Tuesday, 7 August 2018

Movie Review: The Equalizer 2 (2018)


An action thriller, The Equalizer 2 is a solid second chapter in the story of a troubled ex-government killer who now works on his own terms.

Former Special Forces operative Robert McCall (Denzel Washington) eliminates a band of thugs on a train in Turkey, returning an abducted American child to her mother. Now working as a Lyft driver in Boston and still grieving the loss of his wife, McCall next tangles with a group of men who nonchalantly abused and drugged an escort. At his apartment complex, McCall takes aspiring artist Miles (Ashton Sanders) under his wing and tries to steer him away from a life of crime.

Meanwhile, in Belgium, a deep undercover American agent is killed along with his wife. McCall's close friend Susan Plummer (Melissa Leo) is sent to investigate on behalf of the CIA. She is soon in trouble, and McCall teams up with his former colleague ex-agent Dave York (Pedro Pascal) to investigate and dole out his unique brand of justice.

Again directed by Antoine Fuqua, The Equalizer 2 does not stray far from the original, which makes it both comfortably entertaining and just as comfortably predictable. This is a good quality film with excellent action scenes and plenty of space and time allocated for introspection and side-plots, but it never threatens to surprise.

Washington is by far the best thing on show, and his sheer presence and unflappable demeanour maintain a high degree of interest. Fuqua allows his star critical opportunities to reminisce about his past life and lost love, and McCall as a rounded and emotionally wounded character is so much more gratifying when he lets his anger loose. The Equalizer 2 is the first sequel project ever for both Washington and Fuqua, and their level of care for the central character is evident.

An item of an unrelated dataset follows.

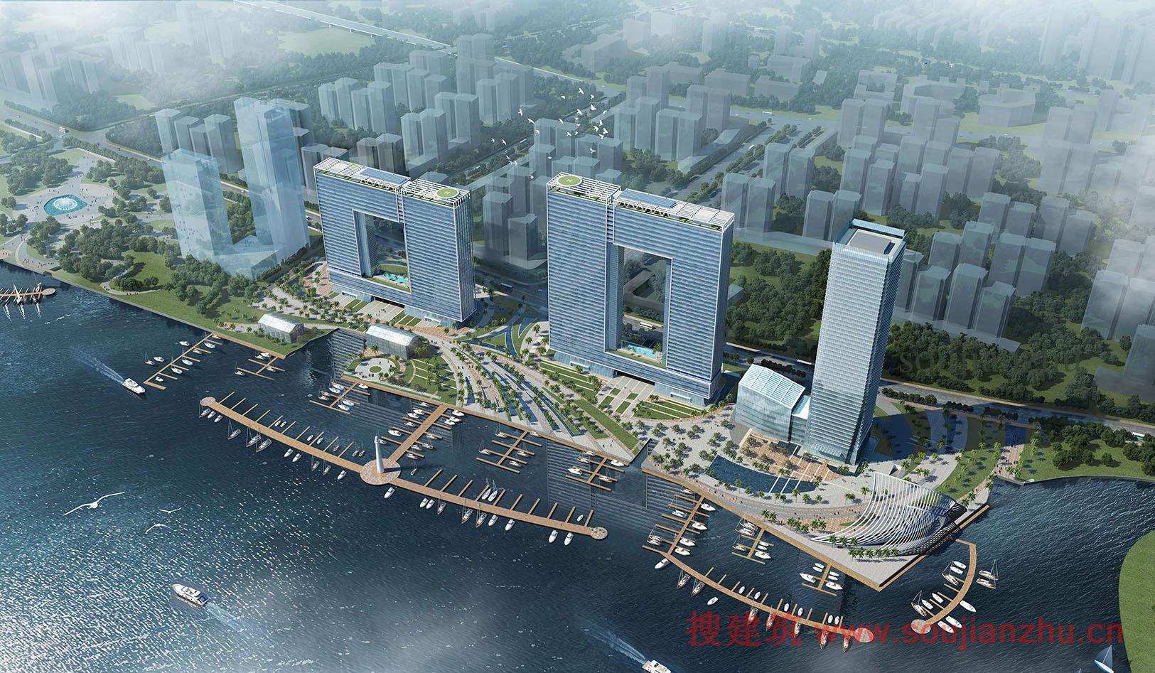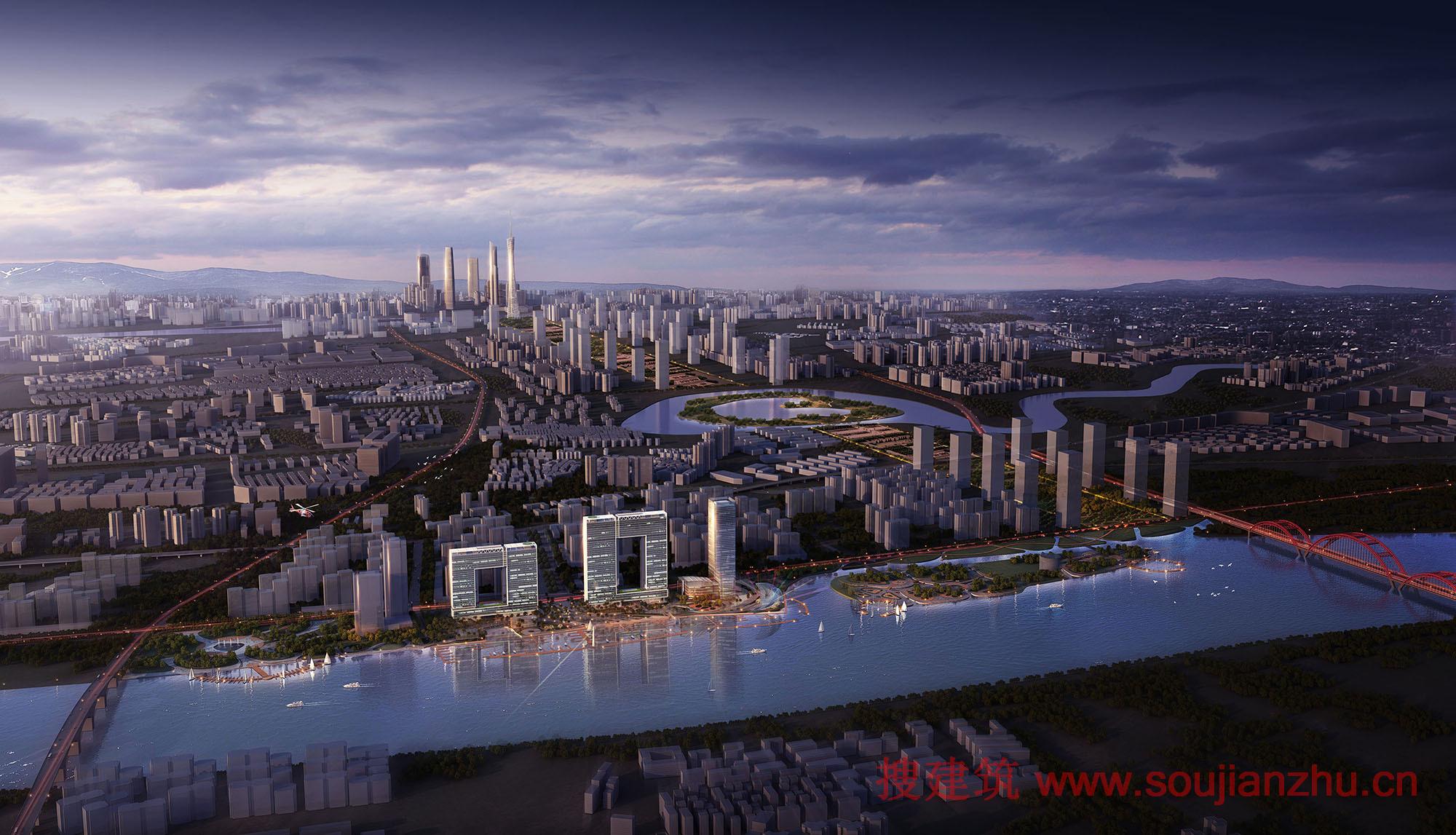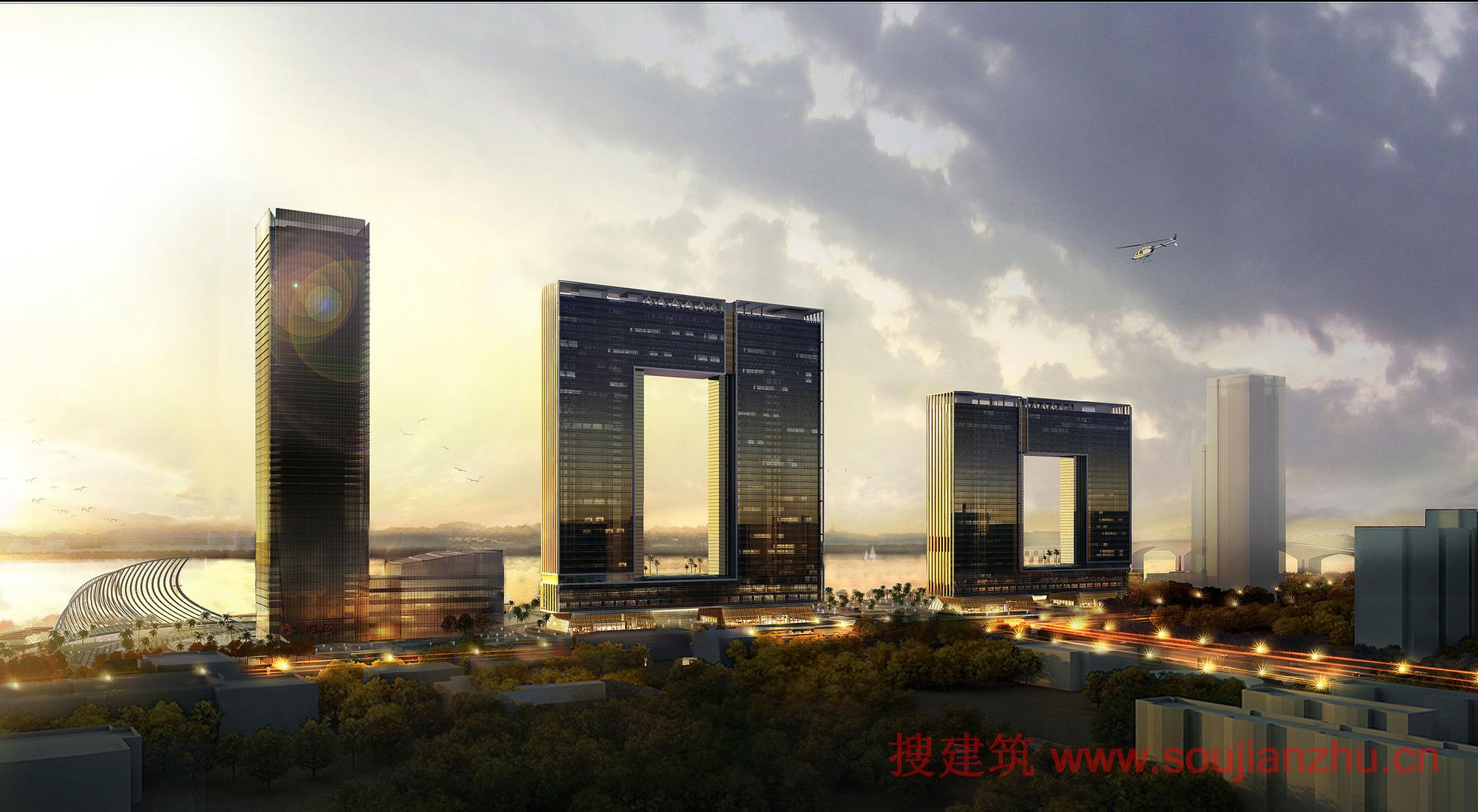“广州市珠江边富有特色的新地标性建筑,西往东排列“001”,由东往西呈“100””

Helping matters along are several small stories enriching McCall's character. The episode in Turkey, the drugged escort, the old man droning on about his missing sister and his stolen painting, and the Miles salvation project all add texture and a mostly welcome warmth to the proceedings. However, the incidental chapters do pad the running time towards the upper limit of what is tolerable, the film clocking in at a flabby two hours.

The core plot starts with the brutal assassination in Belgium and culminates in McCall seeking cold revenge on those who have wronged Susan. The vigilante theme is as worn out as it sounds, and neither Fuqua's often clever visuals nor Washington's silky delivery can reinvent it. The bad guys are easy to guess and utterly lacking in personality.

The Equalizer 2 hits most of its targets, but most of them already carry the old bullet marks of many previous not dissimilar efforts.